Customer Reviews
0 of 0 people found the following review helpful:
Good choice to understand the current and new standards..., May 7, 2023 Web services has grown beyond just the basics, and there are a number of new standards emerging. To keep up from an architectural standpoint, a good choice might be Web Services Platform Architecture by Sanjiva Weerawarana, Francisco Curbera, Frank Leymann, Tony Storey, and Donald F. Ferguson (Prentice Hall PTR).
Chapter List: Part 1 - Introduction: Service-Oriented Architectures; Background; Web Services: A Realization of SOA Part 2 - Messaging Framework: SOAP; Web Services Addressing Part 3 - Describing Metadata: Web Services Description Language (WSDL); Web Services Policy Part 4 - Discovering Metadata: Universal Description, Discovery, and Integration (UDDI); Web Services Metadata Exchange Part 5 - Reliable Interaction: Reliable Messaging; Transactions Part 6 - Security: Security; Advanced Security Part 7 - Service Composition: Modeling Business Processes: BPEL Part 8 - Case Studies: Car Parts Supply Chain; Ordering Service Packs Part 9 - Conclusion: Futures; Conclusion; References; Index
It used to be you only needed to know a few basic things about web services, like WSDL, SOAP, and maybe UDDI. But now there's a whole new slew of standards and acronyms for web services, usually starting with WS- (WS-Policy, WS-Addressing, and so forth). The first step you need to take is to figure out what the new standards are and how they fit into the overall picture. The authors do a good job of this in the book. They present an architectural diagram that shows the whole SOA stack of where each piece fits. Then they have each "part" of the book cover the current and new web services standards that fit in that area. For instance, when you read the section on discovering metadata, you'll get the explanation of both UDDI (the common current standard) as well as coverage on WS-MetadataExchange, which is where things are going. That combination of current and future standards makes for a strong understanding of the technology as well as the opportunity to compare and contrast quite easily.
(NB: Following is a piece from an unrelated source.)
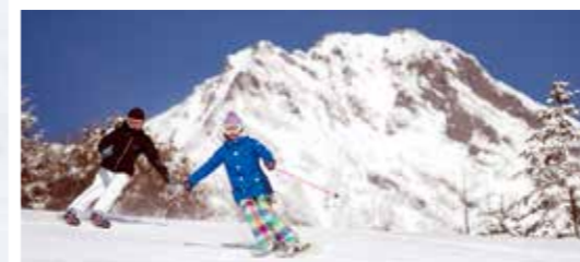
サンメドウズ清里スキー場(北杜市)

2020年東京オリンピックの正式種目に決定し、急速に人気が高まっているボルダリングを、県内5か所のジムで気軽に楽しめます。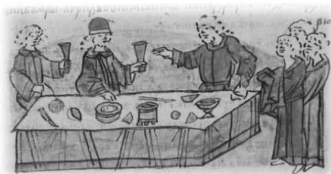
Ил. 14, миниатюра № 559. Приглашение Мстислава Ростиславича на ростовское княжение

Ярославом и отправлен в длительное заточение. Псковское княжение в результате событий 1036 г. было ликвидировано. Судислав был освобождён своими племянниками только в 1059 г., принёс присягу отказа от власти и принял монашеский постриг.

This isn't a book I'd recommend to someone who wants an in-depth understanding of any single standard that's covered. The information is just detailed enough to give a system architect the skills they need to design an application using the technologies, but not enough to answer all the "how do you glue this to that" questions a coder would ask. But I'd still recommend it to the coder and the architect so that they'd learn what it is they don't know, and learn how to frame all the details in their further studies.
Good material, and one of the more current and up-to-date titles out there...
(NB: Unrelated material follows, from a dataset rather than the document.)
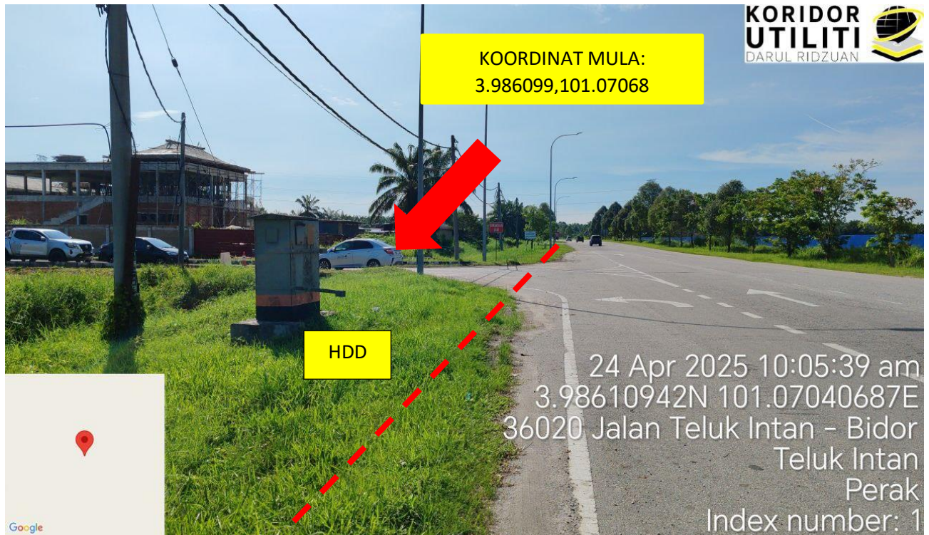
Jalan Teluk Intan – Bidor

4 of 5 people found the following review helpful:
up to and including BPEL, Apr 22, 2023 Web Services have been rapidly evolving. This entire field is in a state of flux as many companies, including IBM, Amazon, eBay and Microsoft, search it for a killer app. The book and the field groan under the weight of a slew of acronyms - SOA, WSDL, SOAP, UDDI, WS-Security, BPEL and more. Unfortunately, there is little that you can do about this but pay attention.
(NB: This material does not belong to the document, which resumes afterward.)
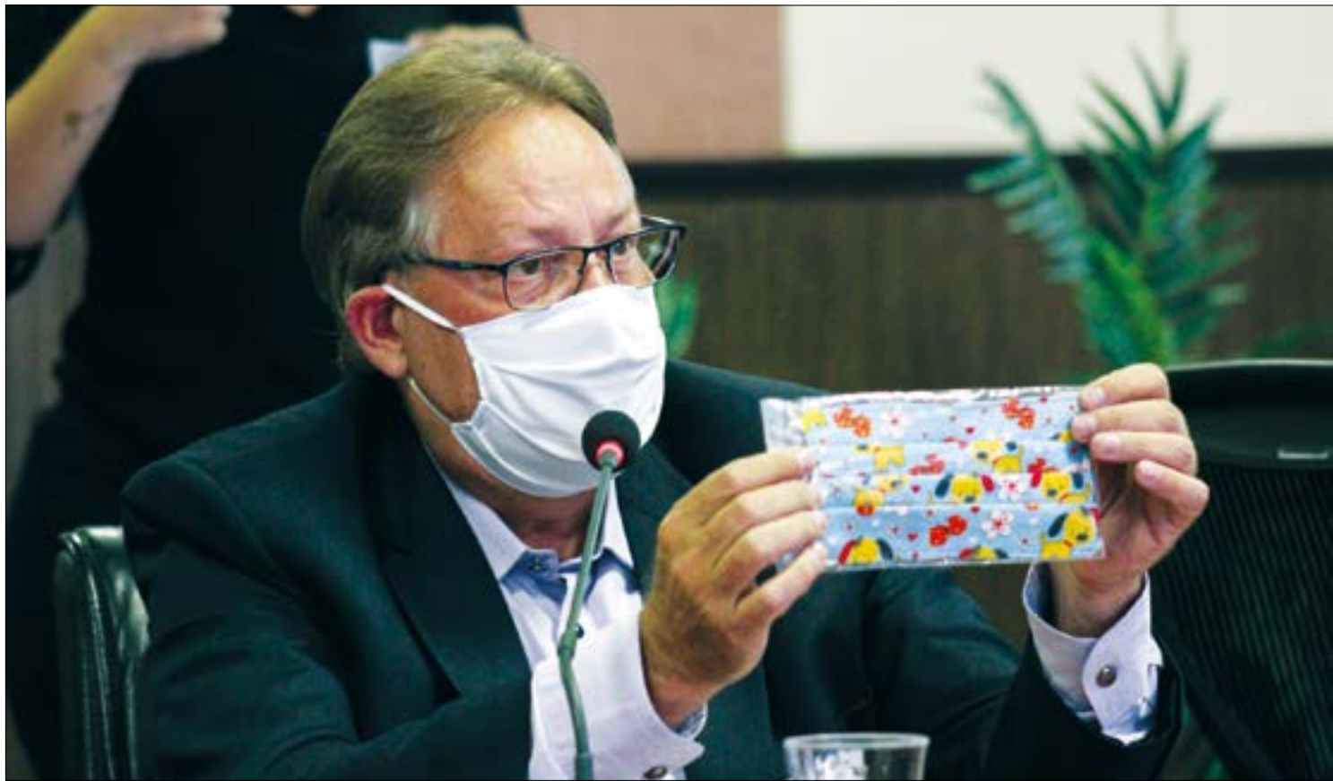
Gilberto Figueiredo admite possibilidade de colapso e cobra que a população respeite as medidas preventivas

O crescimento do número de casos está acontecendo mais rápido do que as projeções do secretário. Na última sexta-feira de maio, dia 28, Gilberto afirmou que os casos iriam dobrar em 15 dias. Naquela manhã, haviam 2.085 casos confirmados e 54 mortes. Em apenas dez dias o número de óbitos mais que dobrou e os casos já estão perto do dobro. O boletim divulgado pela SES neste domingo (7) informa 4.033 casos confirmados e 113 óbitos.

The key idea in the book is of Service Oriented Architecture. It gives us a loosely coupled system; made of nodes that asynchronously communicate using message oriented protocols. A non-blocking mode that greatly improves the robustness of the entire system. The book goes into all this and far more.
A major merit of the book is that it is very up to date. Including an explanation of Business Purpose Execution Language. This is the latest big innovation in Web Services. It grew out of the realisation that Web Services Description Language was not expressive enough to describe intricate business logic across different interacting Web Services, even in a declarative format. So BPEL was devised to handle this shortfall. Essentially, any other book on Web Services that omits mention of BPEL is now obsolete.